Calculating the probability of a specific number of successful results out of a number of attempts, each with independent odds
Solution 1:
As you correctly identify there are 924 possibilities that result in 6 successes and 6 failures. Had the probabilities of success for each scenario been identical then you could have used the Binomial distribution (function BINOM.DIST) to calculate your required probability values. (Incidentally, your use of the term "odds" is incorrect. Technically, the odds of an event happening is the ratio of the probability that the event happens to the probability that it does not happen.)
Unfortunately, the fact that each of your scenarios has a different probability of success means that there is no easy way to calculate your probabilities using a built-in function. However, it is not too difficult to calculate your required values using Excel.
Possibly the simplest way is to recognise that there are 4096 distinct possibilities, ranging all 12 scenarios being failures to all 12 being successes. The 4096 arises because each of the 12 scenarios can be a success or a failure meaning that there are 2^12 = 4096 distinct outcomes possible. These 4096 possibilities can be represented by the integers from 0 to 4095 and each integer can be represented as a 12 digit binary number, with the 12 0's and 1's representing failure and success respectively of the 12 scenarios. The first challenge, therefore, is to find a way of converting each integer to a set of 12 values of 0's and 1's. Any integer (say I1) in the range 0 to 4095 can be converted to 12 0/1 values as follows
- Calculate the first 0/1 value as MOD(I1,2), call result B1
- Calculate a new integer (say I2) as (I1 - B1)/2
- Calculate the second 0/1 value as MOD(I2, 2) and call this result B2
- Calculate a new integer (say I3) as (I2-B2)/2 ... (continue these pairs of calculation steps)

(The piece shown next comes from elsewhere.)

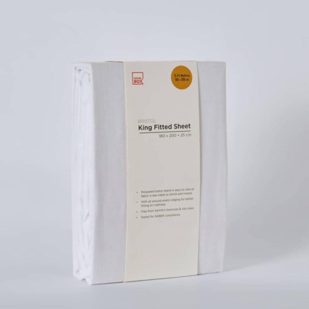 Experience a restful sleep with this polycotton king fitted sheet, crafted from a soft and durable blend of polyester and cotton. This sheet is easy to care for, with reduced shrinkage and creasing. The all-around elastic edging ensures a secure fit on your mattress, providing a smooth and comfortable sleeping surface. Free from harmful chemicals and Azo dyes, this sheet is also tested for SABER compliance, ensuring the safety and well-being of your family.The product images have props used for illustrative purposes.Product Colour may vary slightly due to photographic lighting sources or your monitor/screen settings.

- Calculate a new integer (say I12) as (I11-B11)/2
- Calculate the twelfth 0/1 value as MOD(I12/2), call result B12
For each integer I1 (taking possible values between 0 and 4095), the 12 values B1, B2,...,B12 represent the binary digits of I1 in reverse order.
It is fairly straightforward to represent this as a rectangular array of numbers in Excel with 4096 rows and 24 columns. The rows represent the integers 0 to 4095, the first 12 columns represent the values I1 to I12 and the second 12 the 0/1 values of B1 to B12, with 1's representing success and 0's representing failure.
A 25th column can be added with the value in each row calculated as the sum of the 12 0/1 values B1,...,B12 in that row. This 25th column simply identifies the number of "successes" corresponding to the row.
A further 12 columns (columns 26 to 37) can now be added representing the probabilities of each scenarios outcome. If Pi and Qi are the probabilities of success and failure for the i'th scenario then the probability value (say Vi) is simply (Pi×Bi)+(Qi×(1-Bi)). A 38th column can now be calculated for each row as the product (function PRODUCT) of the 12 values V1, V2, ..., V12 in that row. This calculated value represents the probability of the particular pattern of successes and failures arising.
The final part is simply to calculate the required probabilities of n successes (and 12-n failures) where n=0,1,2,...,12. This is simply the sum of the values in column 38 for those rows where column 25 has a value of n (function SUMIF or SUMIFS).
If I have entered the probability data correctly into my workbook, I calculate that to 5 significant figures the probability of 6 successes (the original question) is 0.23788.